Unfortunately, the clock is now being turned back to September 2001, and the same will be true when Obama abandons Afghanistan. The consequences of these reversals will be grave.
But alas, Obama does not see it that way. As he told the West Point class of 2014 in May, the most pressing "national security crisis that will help shape your time in uniform" is climate change. If by "climate change" he means "the next catastrophic Islamist attack on our homeland," then yes, indeed. If not, then he is woefully mistaken and we are in lethal peril.
The current dissolution in Iraq, under attack by ISIL, was predictable. In fact, Director of Central Intelligence James Clapper and Director of the Defense Intelligence Agency Lt. Gen. Michael Flynn both warned Obama about the ISIL threat.

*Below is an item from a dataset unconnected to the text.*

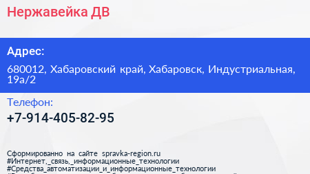 Нержавейка ДВ по адресу 680012, Хабаровский край, Хабаровск, Индустриальная, 19а/2 в дальнейшем Организация, размещена в следующих категориях: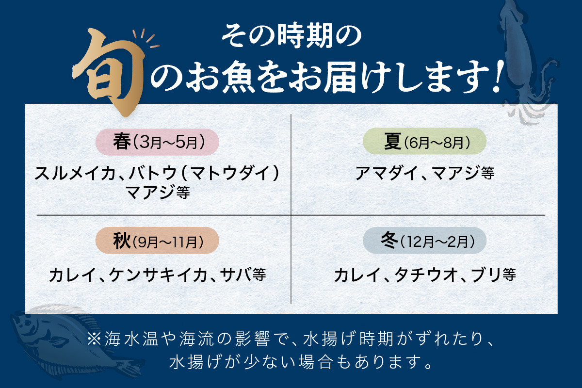 魚 鮮魚 福袋 イカ 烏賊 マトウダイ アジ 真あじ 甘鯛 アマダイ カレイ 剣先イカ 鯖 さば 太刀魚 タチウオ ブリ 鰤 お任せ 詰め合わせ セット 旬 直送便

But as has been the case with this administration since day one, politics trumps reality.
Those of us with family and friends who are active duty today know that our uniformed Patriots will one day be called to pay the price for Obama's profound ineptitude.
So, where are our active-duty generals and admirals? Are none willing to risk their pensions and court-martial for UCMJ violations for defending the sacrifice of their war fighters today, and those who will be called to clean up Obama's malfeasance in the future? In the 2012 presidential campaign, Mitt Romney had far more support from retired senior military officers than the paltry few who supported Obama. But where are our modern-day MacArthurs and Schwarzkopfs, those with the courage to call it as they see it while still in uniform?
Mark Alexander is the executive editor of the Patriot Post.